I wasn't sure what to expect when I started to read this book, but I was pleasantly surprised at how Matthew weaves his mother's love of cooking into getting to know and understand her after her death. His mother slowly moved from a bright and creative mother into a world of mental disorder which led to alcoholism, and ultimately her death. Away from the demons of his day-job as a field reporter in war-torn countries, the home-life of his past was also a mine-field.
This is a touching story of how he came to reconnect with his mother in her last year of life, and how he became closer to her after her death, and with the birth of his own child.
Bittersweet is a unique angle to an interesting story.
Following the death of his mother, Mr. MCallester works through his relationship with his food-loving mother whose psychiatric problems progressively worsened. He relives much of their food life together including cooking through his mother's all-time favorite cookbooks; especially Elizabeth David.
If you are the introspective type this book would be engaging for you. If not so introspective, it may be that there is not enough "action" to keep your attention.
I love memoirs. This is well written and certainly articulates the emotions one has regarding a loved one suffering from mental instabilities and/or illness. The cooking aspect is terrific.
As I was reading this I thought how wonderfully lucky I am to live in Ann Arbor and have librarians that know how to select great books for me, and the community at large.
This book was written by a war correspondent, a Pulitzer prize winning war correspondent, I believe. His mother died and in his sorrow and in an attempt to heal the hurt, he turns to the memories of his mother in the kitchen. He learns to cook and learns to come to terms with her mental illness and his relationship with her.
I feel a little misled. I thought this would be a novel about food and cooking (since I bought it at the James Beard book sale), but really its the author's out-loud coming-to-terms with his mother's mental illness and eventual death.

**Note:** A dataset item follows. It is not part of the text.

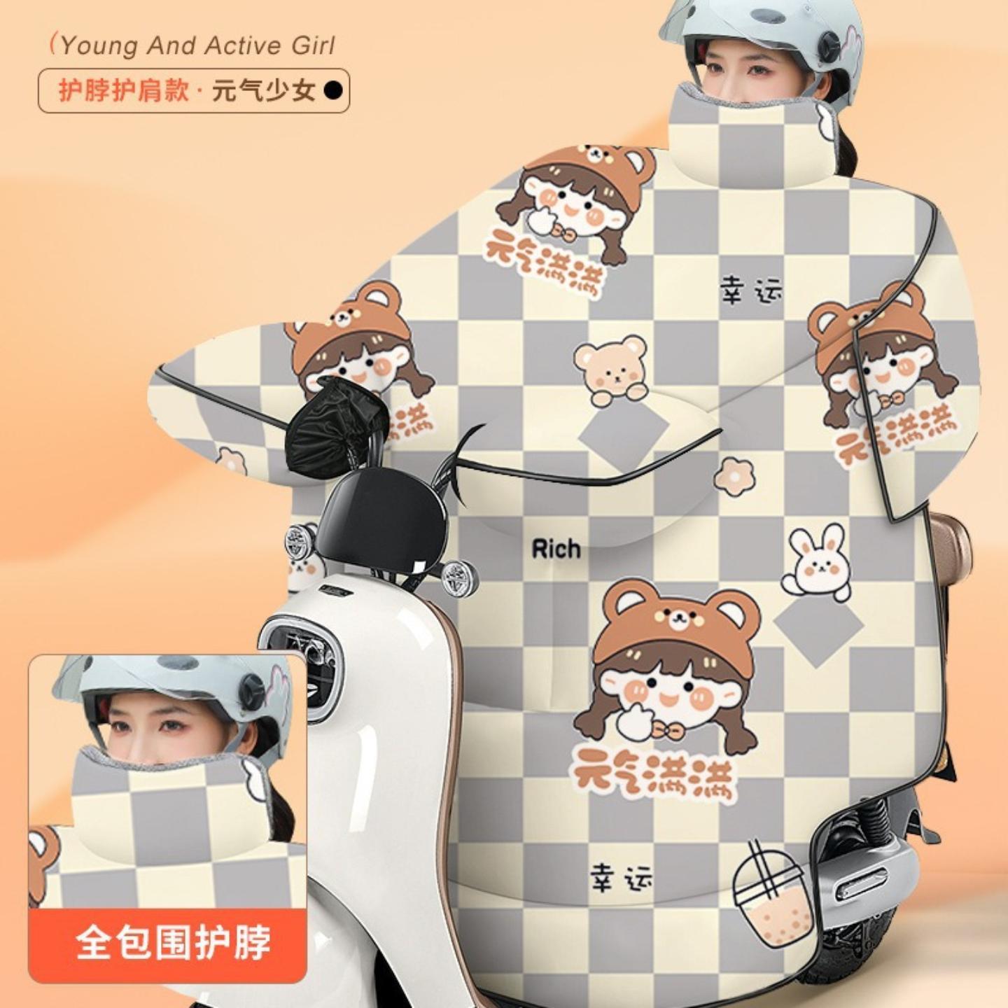 电动车挡风被可爱冬季加绒加厚冬天防风被挡腿被防水电瓶车档风被 - 恒通百货官营店

Not so appetizing.
On the plus side, there is a good recipe for strawberry ice cream hidden in its pages.
I have a bipolar mom who cooked off and on until I left for college and now has problems remembering what goes in a simple dish. This book was very close to home except that my mother has food addictions vs a drink addiction. I would highly recommend it for lovers of food.

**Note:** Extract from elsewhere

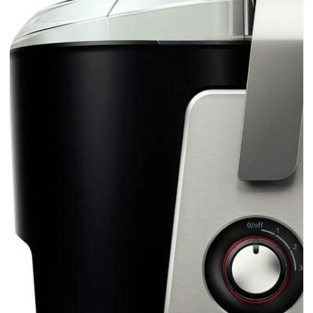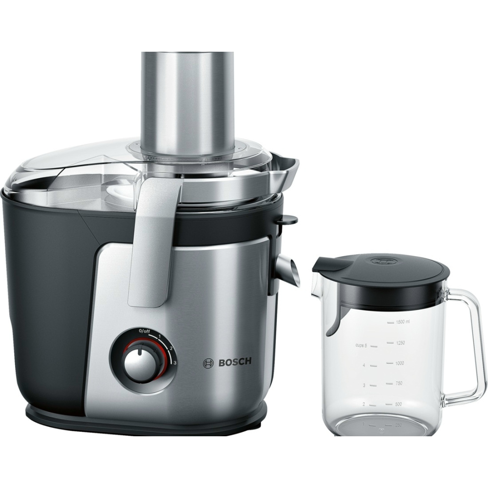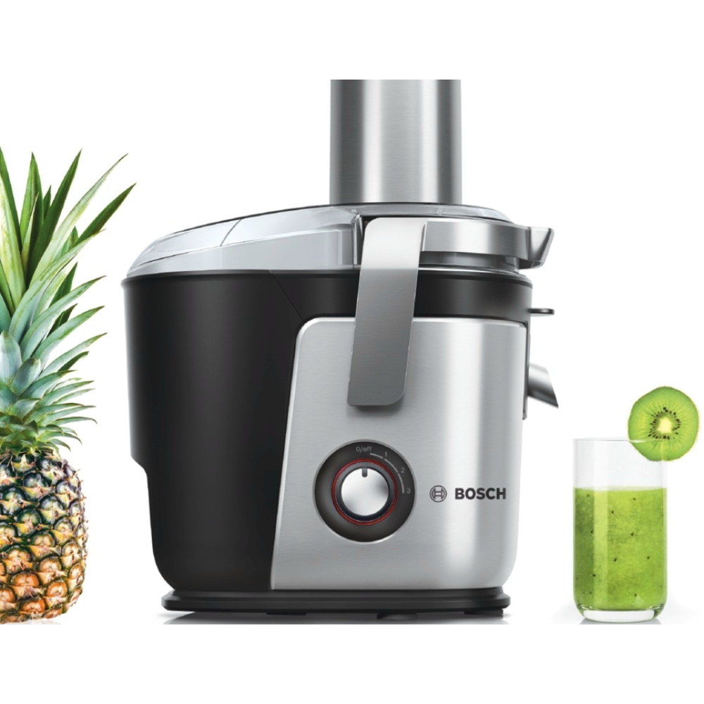 Мощный мотор и три скоростных режима позволяют подобрать оптимальный вариант для любых условий. Благодаря большому диаметру загрузочного отверстия можно перерабатывать целые плоды, что значительно экономит время. Противокапельная система предотвращает появление капель сока на рабочей поверхности после отжима.

This book seemed to be more about memories of his mother than cooking. I do understand how cooking played a part in triggering those memories, however, after picking this out of the cooking memoir section, I expected to hear more about cooking and less about a crazy mother. Overall an okay book.
Easily read. In particular, I enjoyed the stories he told of his boyhood, then his mothers descent into madness. I didnt identify with the passion for fine cooking but I certainly understood its connection and significance.
This will forever be the book that got me through my moms death. I've read it four times. His life was harder than he deserved but his willingness to write so honestly about it was simply beautiful.
I forgot I don't really like memoirs because they tend to be about depressing/dysfunctional childhoods. This was one of those. His mom had mental illness compounded with alcoholism. Sad.